What types of personal information does M P Architects LLP collect about clients?
Personal information is any information about an individual from which that person can be directly or indirectly identified. It does not include anonymised data, i.e. where all identifying particulars have been removed.
M P Architects LLP collects, uses and processes a range of personal information. This may include (as applicable):
- clients contact details, including your name, address, telephone number and personal e-mail address
- the terms and conditions of your business need and information regarding the steps needed to carry out work for you
- photographs of property
Why and how does M P Architects LLP collect and use clients’ personal information?
M P Architects LLP may collect personal information about clients in a variety of ways. When you submit an enquiry via our website, by email or over the telephone we ask you for your name, telephone number, address and email address. You may also give additional information such as a brief description of your enquiry.
We use this information to respond to your enquiry and hopefully to provide you with the information you need, including providing you with any requested information about our products and services. We may also contact you several times after your enquiry to follow up on your interest and ensure that we have responded to your satisfaction. We do this to take steps at your request prior to entering into a contract. We will do this based on our legitimate interest in providing accurate information prior to your business need and taking steps at your request to carry out work for you.
Whilst some of the personal information you provide to us is mandatory and/or is a statutory or contractual requirement, you may be asked to provide some of it to us on a voluntary basis. We will inform you whether you are required to provide certain personal information to us or if you have a choice in this.

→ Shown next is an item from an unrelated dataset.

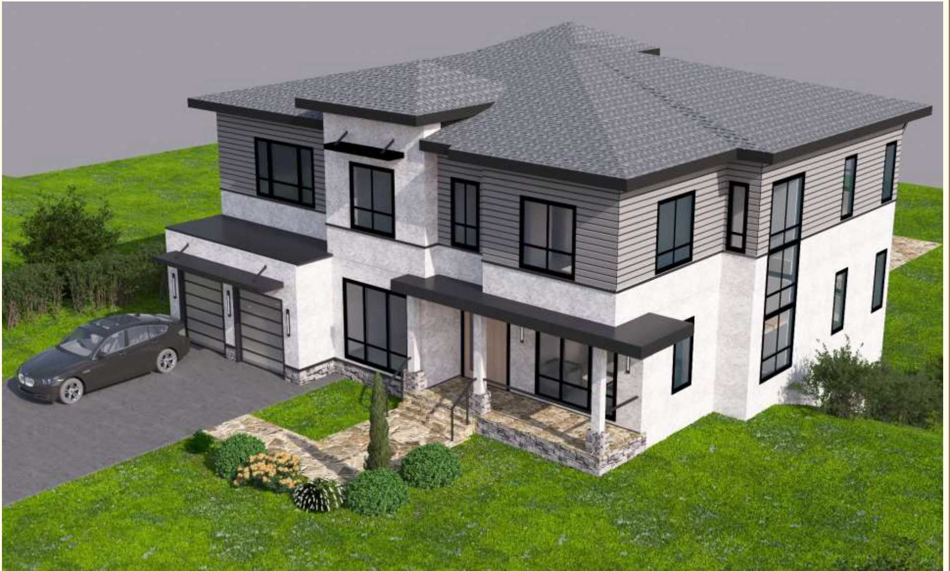
The New Krakow Model

Clients’ personal information may be stored in different places, including in your property file, in M P Architects LLP’s management system and in other IT systems, such as the e-mail system.
M P Architects LLP will only use clients’ personal information when the law allows them to. These are known as the legal bases for processing. M P Architects LLP will use your personal information in one or more of the following circumstances:
- where M P Architects LLP needs to request payments, approve building works or works to a property, dealing with covenants or legal issues, issue planning or building consent, advise on meetings or other issues relating to your business need
- where M P Architects LLP needs to comply with a legal obligation
- where it is necessary for M P Architects LLP’s legitimate interests (or those of a third party), and the client’s interests or your fundamental rights and freedoms do not override M P Architects LLP interests
M P Architects LLP may also occasionally use clients’ personal information where the practice needs to protect your vital interests (or someone else’s vital interests).
M P Architects LLP needs clients’ personal information primarily to enable us to perform our service taking steps at your request to carry out work for you and to enable us to comply with legal obligations. In some cases, M P Architects LLP may also use clients’ personal information where it is necessary to pursue legitimate interests (or those of a third party), provided that the clients’ interests or clients’ fundamental rights and freedoms do not override M P Architects LLP interests. Our legitimate interests include: performing or exercising our obligations or rights under the direct relationship that exists between the practice and the client’s; pursuing our business need to manage the project; performing effective internal administration and ensuring the smooth running of the project; ensuring the security and effective operation of our systems and network; protecting confidential information; and conducting any necessary due diligence. M P Architects LLP believe our clients have a reasonable expectation that the practice will process clients’ personal information.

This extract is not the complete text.